L’Egitto intanto ha mobilitato carri armati e mezzi corazzati al confine con la Striscia di Gaza per fermare qualsiasi potenziale ricaduta di un assalto terrestre israeliano, avvertendo che qualsiasi assalto di terra israeliano a Rafah avrebbe “conseguenze disastrose” e che l’obiettivo di Israele di costringere i palestinesi a lasciare la loro terra minaccerebbe i 40 anni di accordi di pace intercorsi dopo Camp David tra i due Paesi.

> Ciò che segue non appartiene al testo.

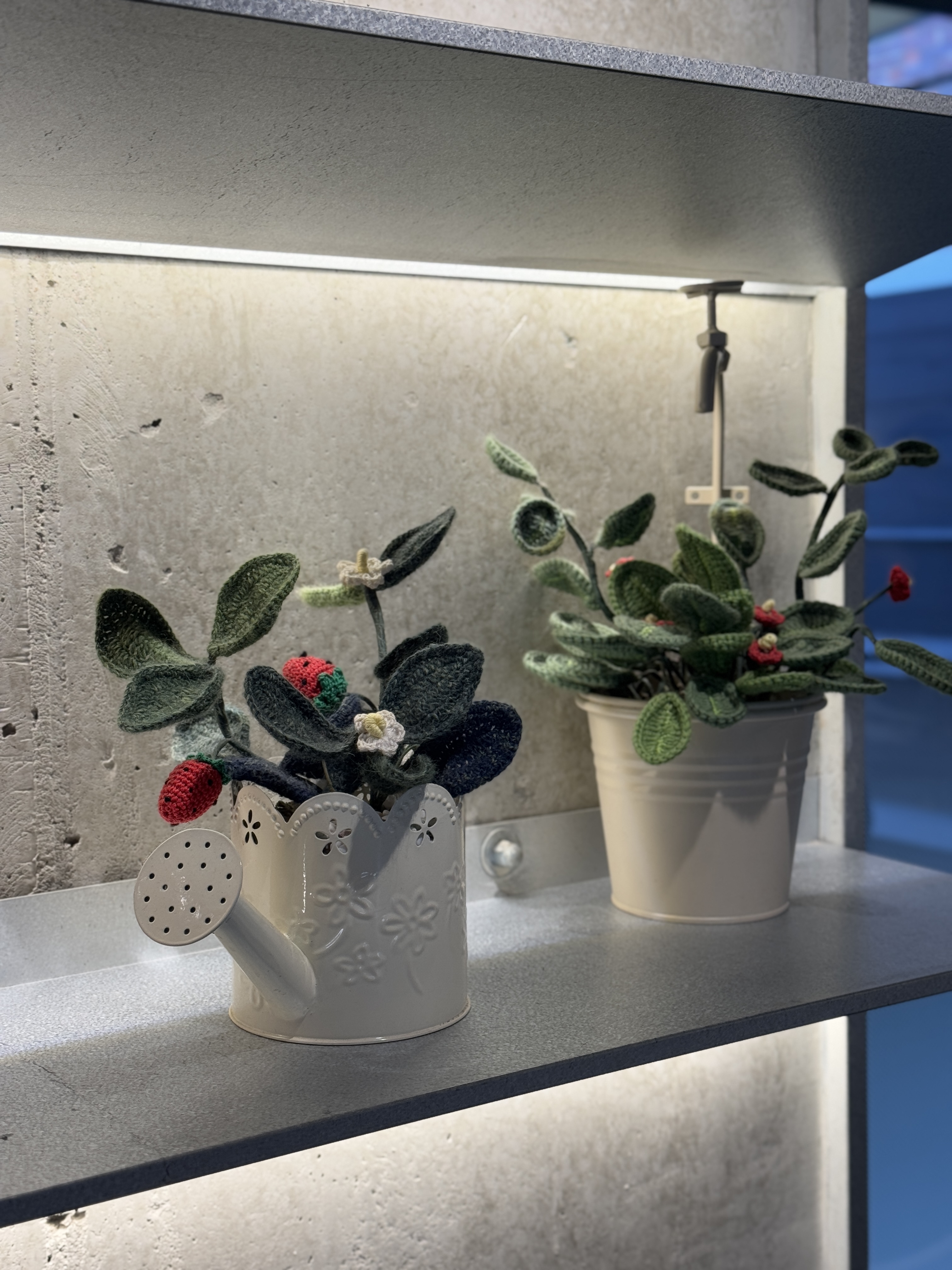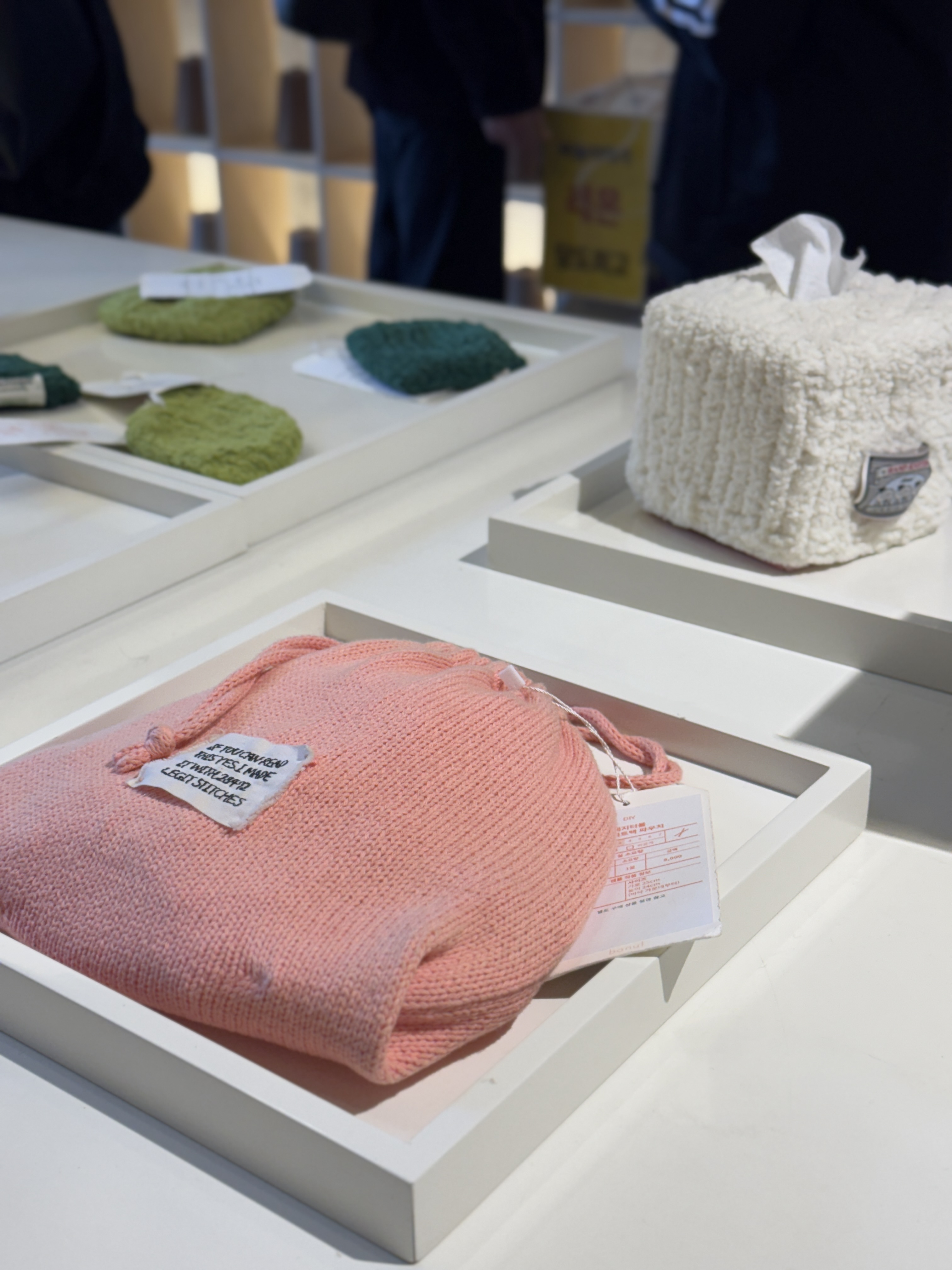뜨개인들의 자연스러운 만남을 위한 팻말도 신기했고, 식물이 뜨개로 된 걸 보며 역시나 싶었습니다. 너무 예쁘게 잘 떠서 얼핏 보면 진짜 같아요.
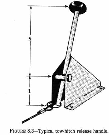 131. WEIGHT AND BALANCE. In most cases, the weight of the tow-hitch assembly will affect the fully loaded aft c.g. location. To assure that the possibility of an adverse effect caused by the installation has not been ignored, enter all pertinent computations in the aircraft weight & balance records. (In accordance with the provisions contained in FAR 43.5(a)(4).) 132. TOW RELEASE MECHANISM. a. Release lever. A placard indicating the direction of operation should be installed

I rischi di un’estensione del conflitto, che dall’Egitto avrebbe conseguenze a catena nella regione, sono più che concreti. Durante un incontro con il presidente statunitense, Joe Biden, il re di Giordania Abdullah, uno dei più importanti partner di Washington nella regione, ha dichiarato che un’invasione israeliana di Rafah “produrrà sicuramente un’altra catastrofe umanitaria”. “La situazione è già insopportabile per oltre un milione di persone che sono state spinte a Rafah dall’inizio della guerra”, ha dichiarato Abdullah. “Non possiamo stare a guardare e lasciare che tutto questo continui. Abbiamo bisogno di un cessate il fuoco duraturo, ora. Questa guerra deve finire”.